Editorial: NJ-STEP Prison Scholarship Program Transforms Lives

Editorial: NJ-STEP Prison Scholarship Program Transforms Lives

By Times of Trenton Editorial Board

Amid all the reports of diminishing opportunity for urban youth, increasing rates of arrests, and frustrating levels of recidivism is an encouraging program at the Albert C. Wagner Youth Correctional Facility in Bordentown.

Part of the New Jersey Scholarship and Transformative Education in Prisons Consortium, the program allows certain inmates in seven corrections facilities across the state to take classes for college credit, as Bridget Clerkin reported this week in The Times. Once the inmates are released, their credits are redeemable at Mercer County Community College, Rutgers University, and several other state institutions.

It sounds like a good idea on paper.

In application, as Clerkin reported, it’s positively extraordinary.
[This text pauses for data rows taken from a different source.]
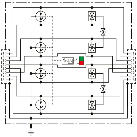 Universal, space-saving combined arrester of 19 mm in width and RJ45 connection system with status indication for simple maintenance. Protection of applications in structured cabling according to class EA to 500 MHz; e.g. industrial Ethernet, data distributors, digital camera systems, Power over Ethernet (IEEE 802.3 compliant to 4PPoE) and Ethernet-based interfaces in general. Protection of all pairs through powerful gas discharge tubes and protective diodes between signal cores and pairs. Fully shielded adapter design with RJ45 sockets for DIN rail mounting. With additional screw connection on the enclosure for an optional earth connection.
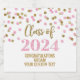 Etiquetas de garrafas de champanhe personalizadas de festa de formatura de 2024 com um padrão de brilho cor-de-rosa e dourado.
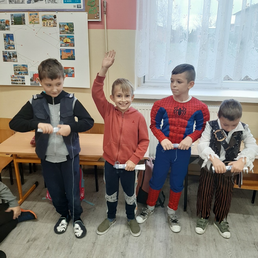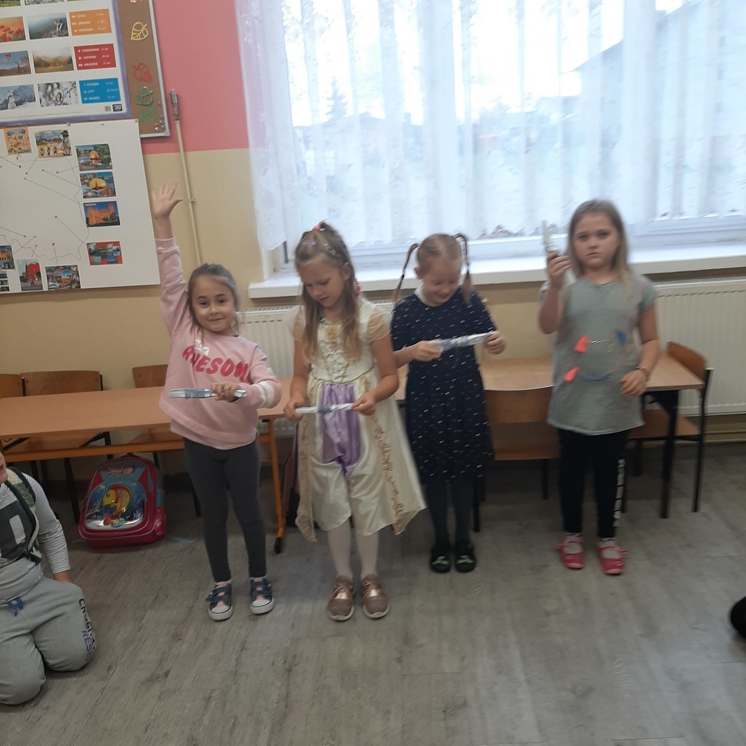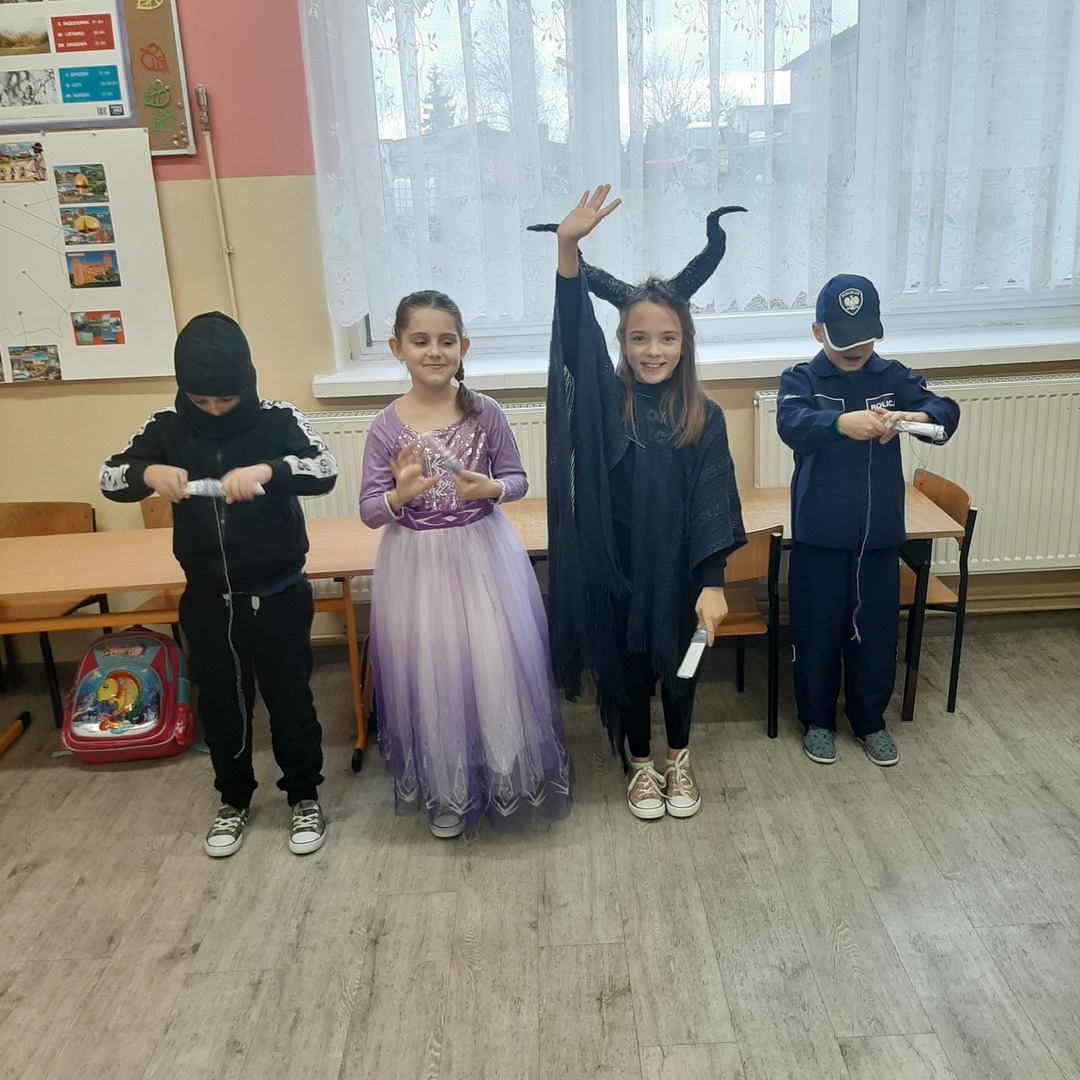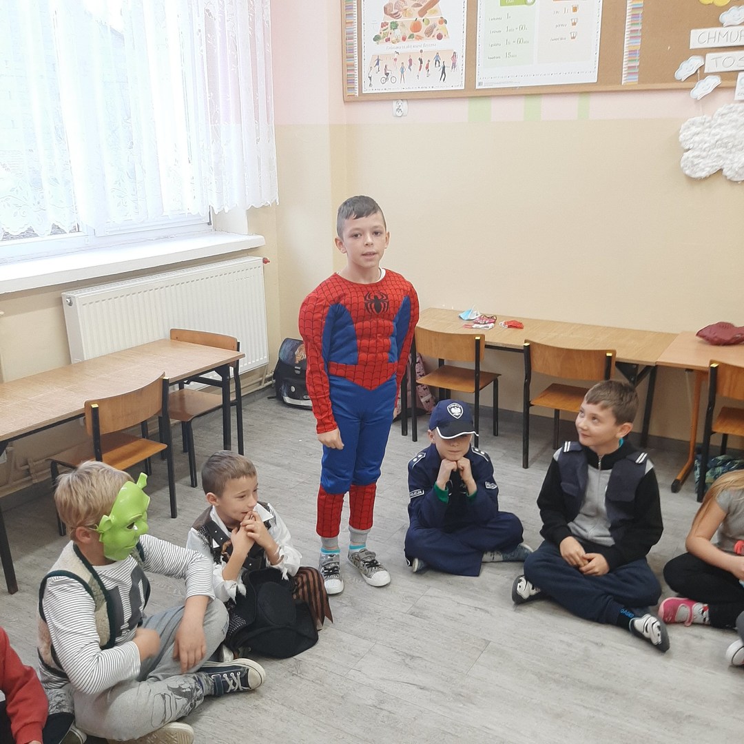 Dzisiejszego dnia klasy - pierwsza i druga, obchodziły DZIEŃ POSTACI Z BAJEK jako element innowacji realizowanej w klasie drugiej pt. "Czytam z klasą - lekturki spod chmurki". Rozmawialiśmy o tym jak ważne są bajki w życiu dzieci, większość z nich zaprezentowała stroje swoich ulubionych bohaterów. Nie zabrakło również elementów zabawy i tańca. Wych. Anna Frąś.
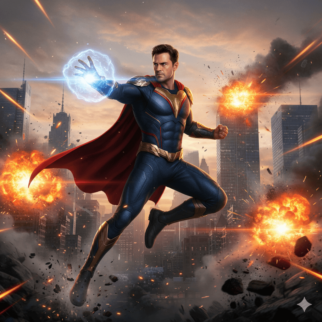 The image shows the user as a Hollywood superhero, posed dynamically mid-action with cinematic lighting and lens flares, exuding powerful energy, set against a dramatic cityscape with explosions, hyper-detailed, 8K. Don't change facial features.
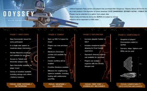 Cada participante de la alfa recibirá ahora una Cobra Mk III junto con 300.000 créditos para gastar. También recibirán acceso al Dominator, un traje diseñado para el combate. Esto viene bien ya que la Fase Dos introduce las Zonas de Conflicto, donde los jugadores pueden entrar en partidas estilo Team Deathmatch.
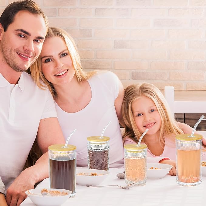 - Food Grade Material: This glassware which set with food grade soda-lime glass, BPA-free and lead-free. With a focus on product quality, this retro drinking glasses set is made of high quality materials and is built to last for hot or cold drinks. You can enjoy the convenience and pleasure of this glass tumbler with confidence.(Please place the bamboo lid in a dry and ventilated environment)
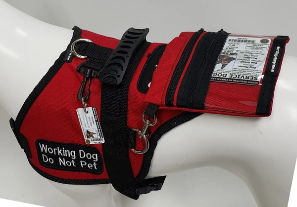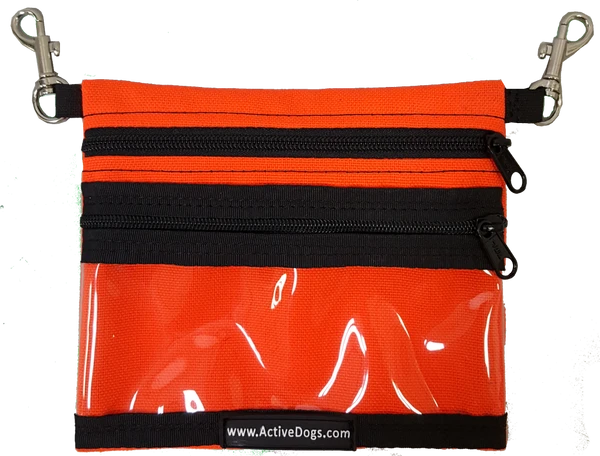 Our newly redesigned Clip-On Service Dog ID Pocket Bag is made with 1000 denier coated fabric to make it durable and easy to clean. One side of the bag has a zippered pocket with a clear vinyl window for identification cards or medical paperwork. The other side is embroidered with large text: Service Dog and a medical cross. At the top, there is a zipper with a pull tab and 2 snaps for attaching the Pocket Bag to your dog’s vest, your clothing, or gear bag.
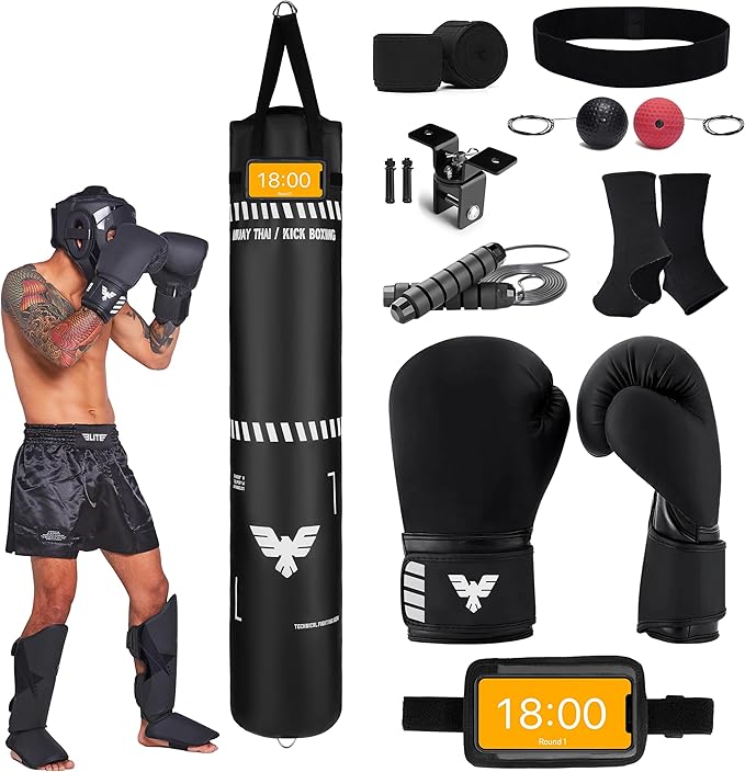 - MUAY THAI TRAINING KIT REFLEX BALL SET, SPEED JMUP ROPE: Muay Thai heavy bag for men comes with a muay thai training kit containing muay thai reflex ball, muay thai gloves, & mauy thai socks; muay thai equipment helps train taekwondo kicking bag, karate punching bag, jeet kune do punching bag & stabilize kickboxing heavy bag & provides a cushion when practicing leg strikes heavy kick bag; the PU boxing speed reflex ball set helps with speed & accuracy of punches with muay thai kick boxing bags.
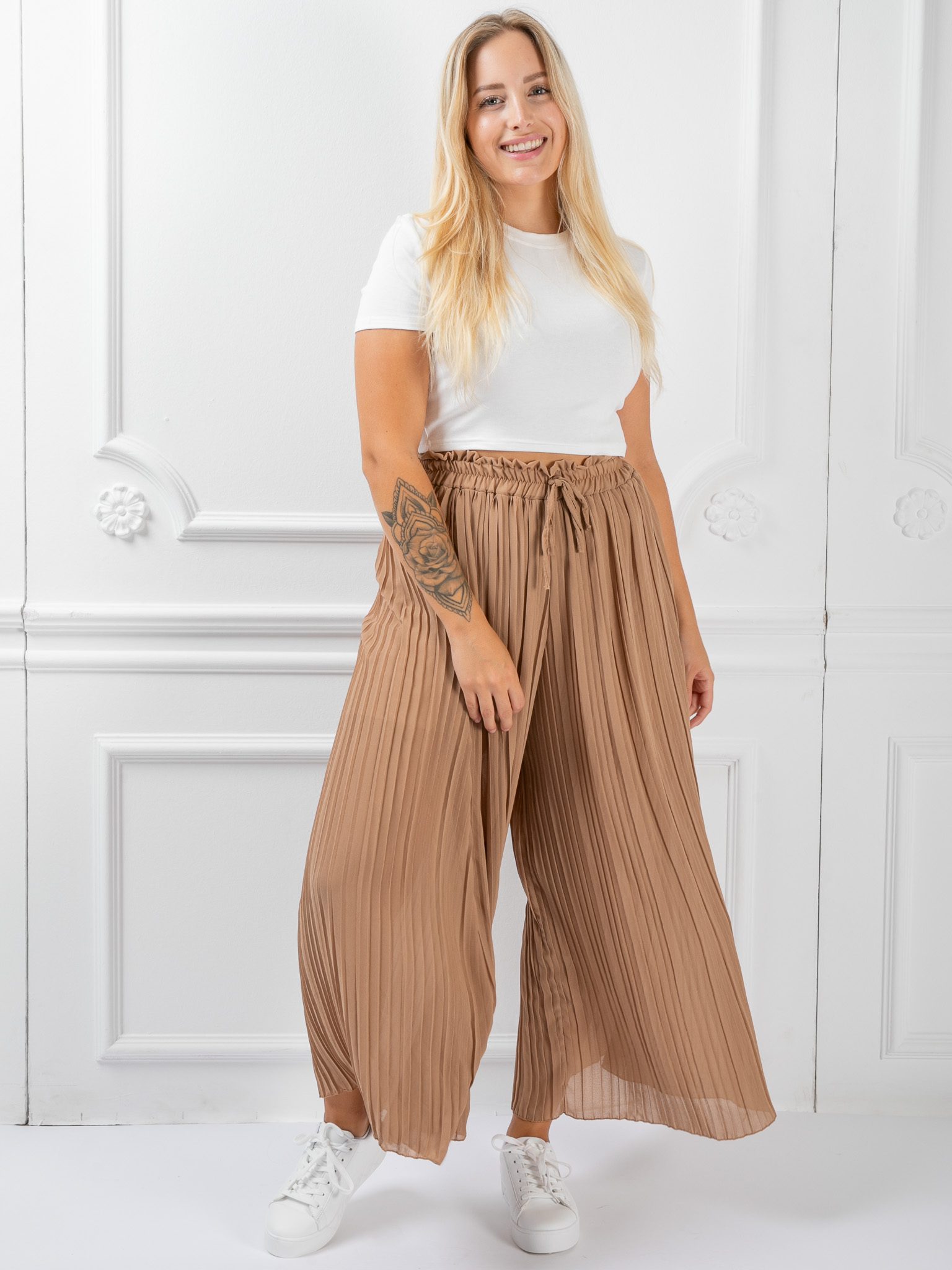 Feine Falten betonen das weite Bein zusammen mit einem hohen, flexiblen Bund, ein Design das den Silhouetten von Frauen schmeichelt. Die plissierten Hosen bestehen häufig aus Leinen, Seide oder Lamé.
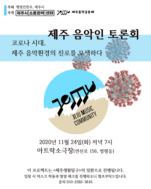 제주도 음악 환경의 현재를 성찰하고 실질적 대안을 모색하고자 지난 7월 결성된 제주음악공동체 제뮤 (JEMU)가 <코로나 19, 제주음악 환경 실태 공유 및 대안을 위한 “제주음악인 토론회”>가 24일 오후 7시 아트락 소극장 (연신로 156, 영평동)에서 열린다.
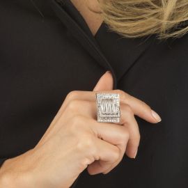 in oro bianco 18kt, impreziosito da diamanti taglio brillante per ct 2 circa, punzoni 750, 18kt e del fabbricante, mis. 60, gr. 32

Young inmates were eager to discuss the reading from the course on medieval history with their teacher, Celia Chazelle, a professor at The College of New Jersey. It was Chazelle, in conjunction with the state Department of Corrections, who pioneered the NJ-STEP initiative.

During a recent class, sculpture, Abelard and Heloise — star-crossed lovers and denizens of the Middle Ages – and the grave of The Doors’ Jim Morrison wound their way into a conversation about Paris and its landmarks.

Later in the class, there was a discussion about the essence of work. That’s a subject very much at the forefront of the NJ-STEP initiative.